Question

The calculated spin-only magnetic moments of \( K_3[Fe(OH)_6] \) and \( K_4[Fe(OH)_6] \) respectively are:

• A. 4.90 and 4.90 B.M.
• B. 5.92 and 4.90 B.M.
• C. 3.87 and 4.90 B.M.
• D. 4.90 and 5.92 B.M.

Hint:

For calculating the spin-only magnetic moment, determine the number of unpaired electrons using the electronic configuration of the metal in the complex.

Answer 1

The Correct Option is B

The spin-only magnetic moment is given by the formula: \[ \mu = \sqrt{n(n+2)} \, \text{B.M.} \] where \( n \) is the number of unpaired electrons.
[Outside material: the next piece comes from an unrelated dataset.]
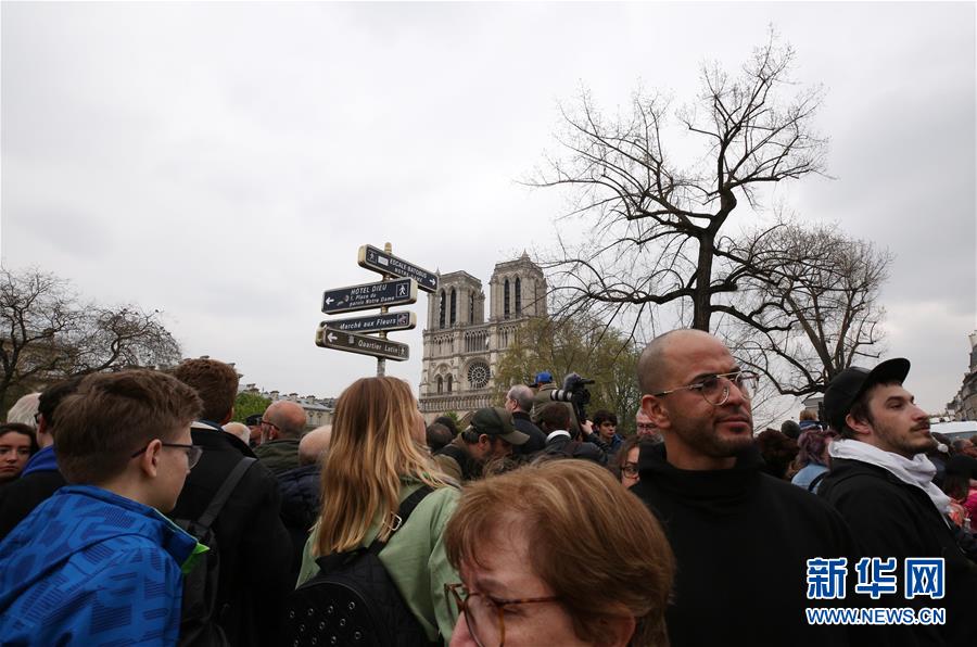 4月16日,在法国巴黎,人们聚集在“受伤”的巴黎圣母院附近。 新华社记者 高静 摄

Based on the electronic configurations of \( Fe^{3+} \) (in \( K_3[Fe(OH)_6] \)) and \( Fe^{2+} \) (in \( K_4[Fe(OH)_6] \)), the number of unpaired electrons in these complexes is calculated. For \( Fe^{3+} \), there are 5 unpaired electrons and for \( Fe^{2+} \), there are 4 unpaired electrons, leading to magnetic moments of 5.92 and 4.90 B.M., respectively.